Brief ::
Beginning with the line that contains "정부가 오는 2030년까지", retype the entries below exactly, ending with the line that contains "Tupperware Mini Deco". Leave out any pictures.

Data ::

•••

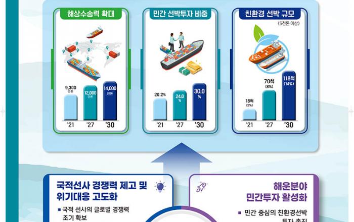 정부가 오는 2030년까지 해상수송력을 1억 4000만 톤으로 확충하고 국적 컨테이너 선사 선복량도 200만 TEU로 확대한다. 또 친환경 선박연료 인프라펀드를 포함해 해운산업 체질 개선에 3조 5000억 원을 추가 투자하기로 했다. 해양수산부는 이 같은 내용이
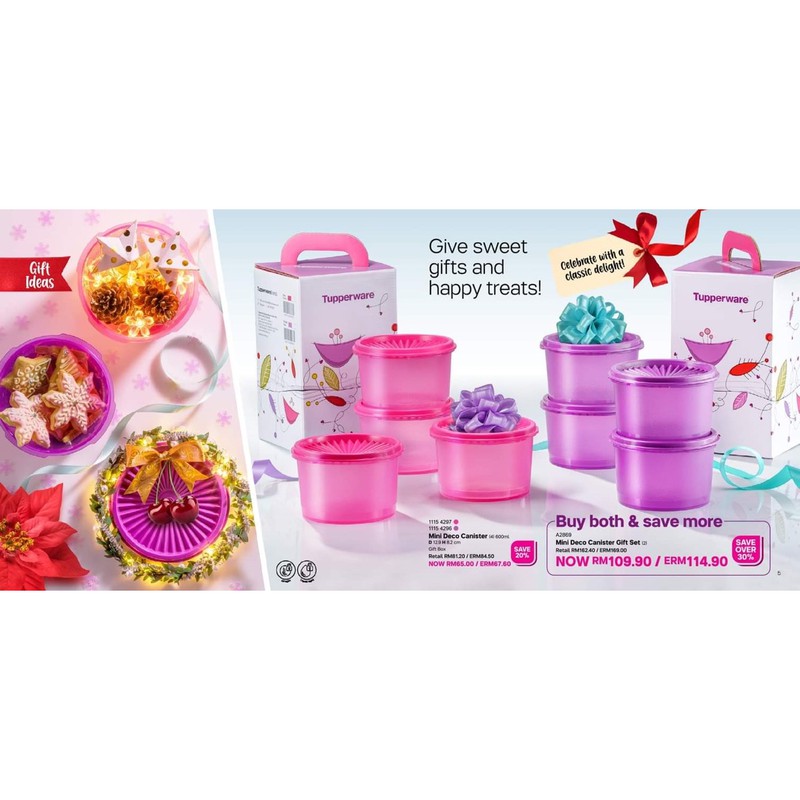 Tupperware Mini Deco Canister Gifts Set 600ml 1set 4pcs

•••

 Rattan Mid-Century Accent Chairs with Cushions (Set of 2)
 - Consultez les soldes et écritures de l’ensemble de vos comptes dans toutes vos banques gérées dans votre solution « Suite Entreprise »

•••

Reply ::
 정부가 오는 2030년까지 해상수송력을 1억 4000만 톤으로 확충하고 국적 컨테이너 선사 선복량도 200만 TEU로 확대한다. 또 친환경 선박연료 인프라펀드를 포함해 해운산업 체질 개선에 3조 5000억 원을 추가 투자하기로 했다. 해양수산부는 이 같은 내용이
 Tupperware Mini Deco Canister Gifts Set 600ml 1set 4pcs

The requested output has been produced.